==== Input data ====

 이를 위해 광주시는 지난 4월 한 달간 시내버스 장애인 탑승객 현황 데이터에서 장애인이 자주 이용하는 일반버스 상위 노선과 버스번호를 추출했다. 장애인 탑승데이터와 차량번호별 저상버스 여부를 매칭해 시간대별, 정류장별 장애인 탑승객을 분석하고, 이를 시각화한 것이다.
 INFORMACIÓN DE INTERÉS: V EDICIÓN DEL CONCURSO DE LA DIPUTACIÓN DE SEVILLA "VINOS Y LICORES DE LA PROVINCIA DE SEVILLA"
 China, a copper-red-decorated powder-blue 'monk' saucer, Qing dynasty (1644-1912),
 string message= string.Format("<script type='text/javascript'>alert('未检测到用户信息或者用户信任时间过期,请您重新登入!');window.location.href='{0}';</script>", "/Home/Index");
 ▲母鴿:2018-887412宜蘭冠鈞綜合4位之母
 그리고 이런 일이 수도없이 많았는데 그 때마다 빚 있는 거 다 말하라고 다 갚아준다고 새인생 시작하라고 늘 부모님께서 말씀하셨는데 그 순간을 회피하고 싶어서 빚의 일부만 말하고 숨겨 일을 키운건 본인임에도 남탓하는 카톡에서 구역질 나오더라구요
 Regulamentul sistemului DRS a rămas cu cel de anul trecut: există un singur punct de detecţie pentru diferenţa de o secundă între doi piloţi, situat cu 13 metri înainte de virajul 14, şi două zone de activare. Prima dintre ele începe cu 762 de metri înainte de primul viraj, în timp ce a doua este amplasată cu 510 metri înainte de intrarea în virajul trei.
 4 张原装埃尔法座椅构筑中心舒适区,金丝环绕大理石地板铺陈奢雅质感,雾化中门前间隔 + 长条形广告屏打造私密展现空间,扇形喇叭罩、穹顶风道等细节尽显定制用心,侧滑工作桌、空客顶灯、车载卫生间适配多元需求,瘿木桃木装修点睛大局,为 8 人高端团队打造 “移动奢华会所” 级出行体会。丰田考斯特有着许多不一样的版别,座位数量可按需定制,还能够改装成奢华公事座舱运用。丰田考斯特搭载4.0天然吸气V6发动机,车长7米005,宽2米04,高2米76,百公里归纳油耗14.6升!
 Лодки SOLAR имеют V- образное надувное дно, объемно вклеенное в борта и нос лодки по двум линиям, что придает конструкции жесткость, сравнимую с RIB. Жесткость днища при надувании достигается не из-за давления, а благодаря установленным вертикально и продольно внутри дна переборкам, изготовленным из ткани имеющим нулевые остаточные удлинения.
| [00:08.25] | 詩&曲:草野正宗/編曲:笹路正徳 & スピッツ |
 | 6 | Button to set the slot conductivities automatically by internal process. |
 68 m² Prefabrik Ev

====

Problem to solve: Out of the data above, set down the lines from the one with "그리고 이런 일이 수도없이" to the one with "詩&曲:草野正宗/編曲:笹路正徳 & スピッツ |", both included, exactly as written and with no additions.

Response for this exercise:
 그리고 이런 일이 수도없이 많았는데 그 때마다 빚 있는 거 다 말하라고 다 갚아준다고 새인생 시작하라고 늘 부모님께서 말씀하셨는데 그 순간을 회피하고 싶어서 빚의 일부만 말하고 숨겨 일을 키운건 본인임에도 남탓하는 카톡에서 구역질 나오더라구요
 Regulamentul sistemului DRS a rămas cu cel de anul trecut: există un singur punct de detecţie pentru diferenţa de o secundă între doi piloţi, situat cu 13 metri înainte de virajul 14, şi două zone de activare. Prima dintre ele începe cu 762 de metri înainte de primul viraj, în timp ce a doua este amplasată cu 510 metri înainte de intrarea în virajul trei.
 4 张原装埃尔法座椅构筑中心舒适区,金丝环绕大理石地板铺陈奢雅质感,雾化中门前间隔 + 长条形广告屏打造私密展现空间,扇形喇叭罩、穹顶风道等细节尽显定制用心,侧滑工作桌、空客顶灯、车载卫生间适配多元需求,瘿木桃木装修点睛大局,为 8 人高端团队打造 “移动奢华会所” 级出行体会。丰田考斯特有着许多不一样的版别,座位数量可按需定制,还能够改装成奢华公事座舱运用。丰田考斯特搭载4.0天然吸气V6发动机,车长7米005,宽2米04,高2米76,百公里归纳油耗14.6升!
 Лодки SOLAR имеют V- образное надувное дно, объемно вклеенное в борта и нос лодки по двум линиям, что придает конструкции жесткость, сравнимую с RIB. Жесткость днища при надувании достигается не из-за давления, а благодаря установленным вертикально и продольно внутри дна переборкам, изготовленным из ткани имеющим нулевые остаточные удлинения.
| [00:08.25] | 詩&曲:草野正宗/編曲:笹路正徳 & スピッツ |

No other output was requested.